More Constant Than The Gods is the gorgeous new album of solemn, metallic-tinged chamber-rock from Salt Lake City's Subrosa, about as perfect a fusion of classical and folk instrumentation and crushing Sleep-esque doom-laden heaviness and soaring, achingly pretty pop hooks as I have ever heard. The album opens with some somber, muted electric guitar and those gorgeous, hushed vocals from singer Rebecca Vernon (who continues to vaguely remind me of Marcy May from Scrawl), the beginning of "The Usher" coalescing from a fog of ghostly violins and scraped strings, gusts of distorted fuzz and the muted chords of the guitar, soon joined by Jason McFarland's equally hushed singing. When the full band crashes in at around the three minute mark, and the sound gives way to a churning metallic might, Vernon's vocals never lose their fragility, even as the band slips into ever slower, heavier tempos and blasts of crushing downtuned heaviness. And from there, More Constant Than The Gods just transforms into something massive, the guitars erupting into squalls of screaming seagull feedback, wailing high-end amp noise rising over those sing-song vocals and weeping violins and churning metallic riffage, the soft chiming of a vibraphone ringing out overhead.

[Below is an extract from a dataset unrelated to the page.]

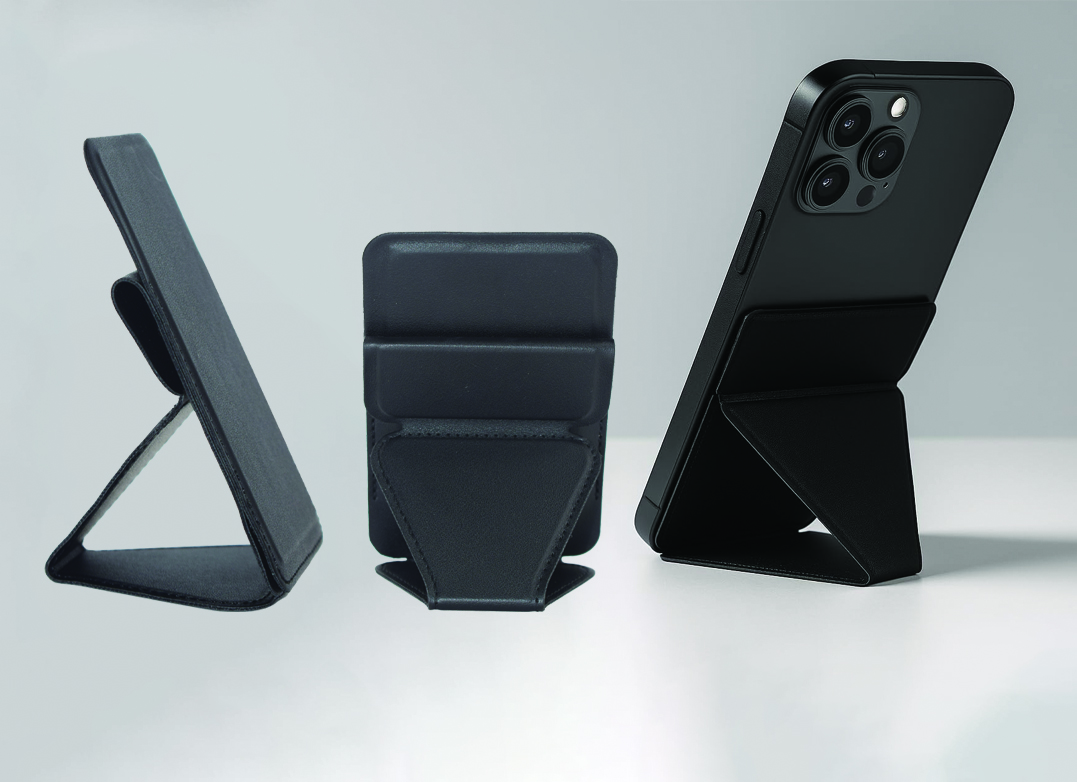 Magnetic, foldable phone stand, compatible with Mag- Safe-enabled iPhones A powerful new assistant in your digital life., Premium Materials and, Classic Colours The soft vegan leather not only feels smooth to the touch, but is also eco-friendly
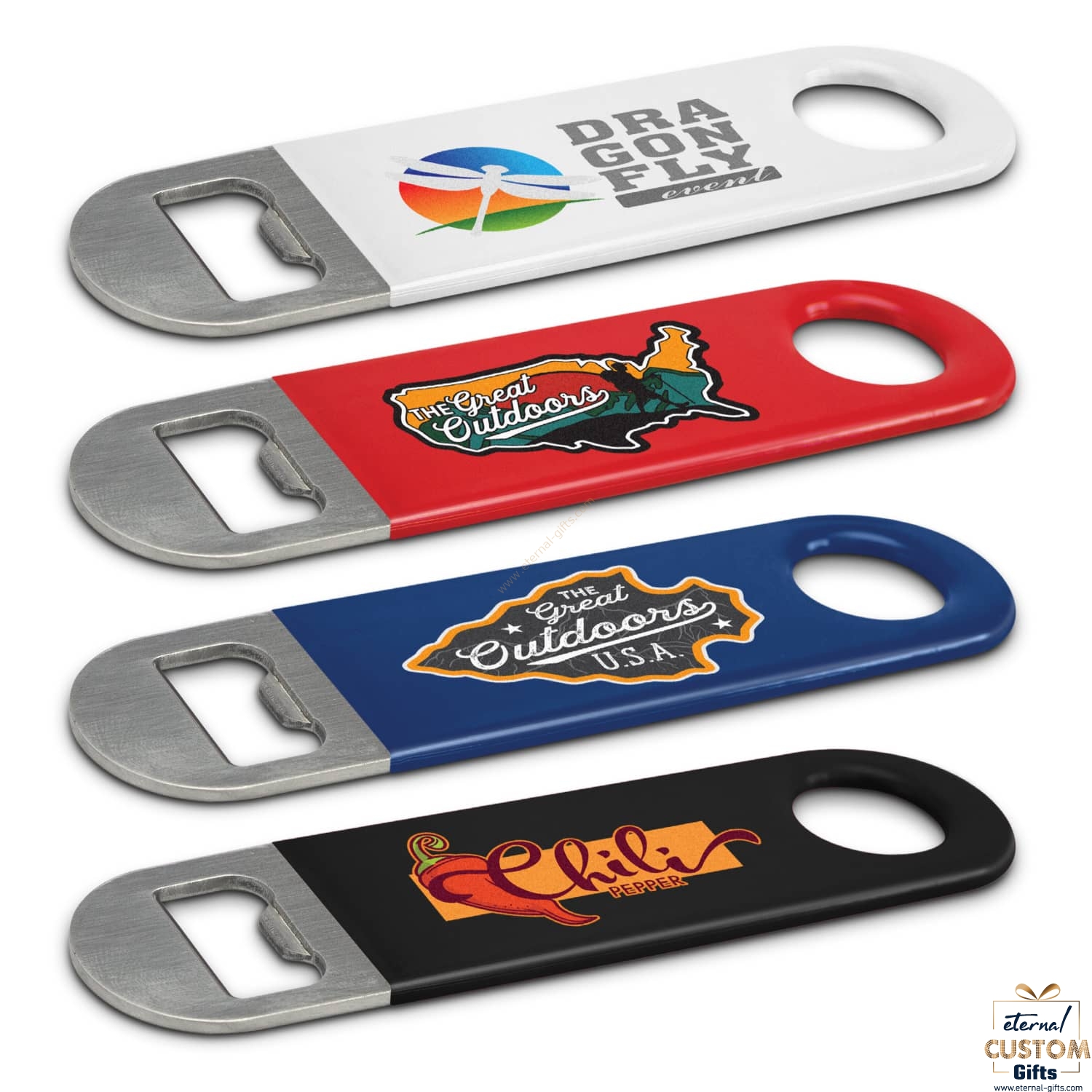 Small stainless steel bottle opener with a soft-touch vinyl coating.

It's all intense and strikingly beautiful, the songs shifting into folk-flecked dirge and gorgeous multi-part vocal harmonies, where Vernon synches up with her band mates for gorgeous lilting vocal melodies. There's the monstrous lumbering sludge of "Ghosts Of A Dead Empire", which starts off sounding something like the drugged, droning sludge metal before shifting into long stretches of ominous violin that sing over rumbling, fuzz-drenched guitars, leading into the crushing denouement where the song suddenly ascends into a fucking breathtaking hook. Here, Vernon's vocals transform into this achingly beautiful, terminally catchy melody that melts into the droning, saurian riffage perfectly, those violins skittering overhead, turning the final minutes of the song into a stunning piece of folk-flecked sludgepop majesty. "Cosey Mo" features another one of these stunning hooks churning at the heart of the sweeping chamber strings and that grinding guttural guitar tone, while "Fat Of The Ram" slips into an ecstasy of angular heaviness, that Sleepy metallic crush shifting into a strange blur of dissonant slide guitar and haunting clarinet sounds. As the instruments become glazed in delay and are set adrift on waves of echo, the music turns dark and dreamlike as the band bulldozes through the haze, eventually erupting into a kind of progged-out grandeur.
The album is filled with these amazing moments, from the sorrowful doom of "Affliction" that burns with a mutated, bluesy power, to the dramatic piano that opens closer "No Safe Harbor" and is joined by gorgeous, witchy flutes for another stretch of dark chamber rock mastery, the droning doomed deathmarch that emerges later finds itself fused to an airy folky beauty. Each song weaves an eerie spellbinding story, Vernon's lovely voice the thread tying it all together, with lyrics that are both richly evocative and literate, with considerable footnotes included in the booklet that help to expand their lyrical visions. By far the band's best work to date, the album features Glyn Smyth's beautiful Symbolist/Aubrey Beardsley influenced artwork.